* ASSIGNMENT *
Copy out, exactly, the first line of the entries below and every line after it through the one containing "我爱音频网采用 CHARGERLAB POWER-Z".

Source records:
=== Begin Enclosure ===
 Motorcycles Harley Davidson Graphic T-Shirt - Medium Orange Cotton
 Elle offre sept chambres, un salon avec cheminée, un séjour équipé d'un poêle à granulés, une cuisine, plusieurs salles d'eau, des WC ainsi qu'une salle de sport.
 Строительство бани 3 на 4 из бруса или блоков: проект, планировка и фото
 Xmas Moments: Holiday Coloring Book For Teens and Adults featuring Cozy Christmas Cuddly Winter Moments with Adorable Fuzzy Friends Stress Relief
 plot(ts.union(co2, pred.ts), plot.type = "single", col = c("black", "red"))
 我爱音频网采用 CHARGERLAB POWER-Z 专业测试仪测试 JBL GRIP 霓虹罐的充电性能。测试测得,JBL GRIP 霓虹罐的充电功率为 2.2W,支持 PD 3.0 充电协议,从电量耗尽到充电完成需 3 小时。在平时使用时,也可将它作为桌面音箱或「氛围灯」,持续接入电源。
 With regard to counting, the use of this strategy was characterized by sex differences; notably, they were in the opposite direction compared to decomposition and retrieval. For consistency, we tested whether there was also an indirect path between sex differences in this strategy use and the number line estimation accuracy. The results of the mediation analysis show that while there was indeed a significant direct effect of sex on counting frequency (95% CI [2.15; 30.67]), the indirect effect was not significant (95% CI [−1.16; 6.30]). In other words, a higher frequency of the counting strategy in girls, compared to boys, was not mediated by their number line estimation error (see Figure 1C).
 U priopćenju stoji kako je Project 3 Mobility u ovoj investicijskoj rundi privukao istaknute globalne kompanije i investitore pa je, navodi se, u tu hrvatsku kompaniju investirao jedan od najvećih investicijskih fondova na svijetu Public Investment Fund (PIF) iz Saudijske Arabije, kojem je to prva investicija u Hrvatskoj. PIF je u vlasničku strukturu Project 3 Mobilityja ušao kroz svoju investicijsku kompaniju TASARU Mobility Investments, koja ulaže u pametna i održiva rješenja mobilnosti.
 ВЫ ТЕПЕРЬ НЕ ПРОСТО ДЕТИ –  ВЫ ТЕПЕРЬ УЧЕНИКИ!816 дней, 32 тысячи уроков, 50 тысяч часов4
=== End Enclosure ===
* EXERCISE RESULT *
 Motorcycles Harley Davidson Graphic T-Shirt - Medium Orange Cotton
 Elle offre sept chambres, un salon avec cheminée, un séjour équipé d'un poêle à granulés, une cuisine, plusieurs salles d'eau, des WC ainsi qu'une salle de sport.
 Строительство бани 3 на 4 из бруса или блоков: проект, планировка и фото
 Xmas Moments: Holiday Coloring Book For Teens and Adults featuring Cozy Christmas Cuddly Winter Moments with Adorable Fuzzy Friends Stress Relief
 plot(ts.union(co2, pred.ts), plot.type = "single", col = c("black", "red"))
 我爱音频网采用 CHARGERLAB POWER-Z 专业测试仪测试 JBL GRIP 霓虹罐的充电性能。测试测得,JBL GRIP 霓虹罐的充电功率为 2.2W,支持 PD 3.0 充电协议,从电量耗尽到充电完成需 3 小时。在平时使用时,也可将它作为桌面音箱或「氛围灯」,持续接入电源。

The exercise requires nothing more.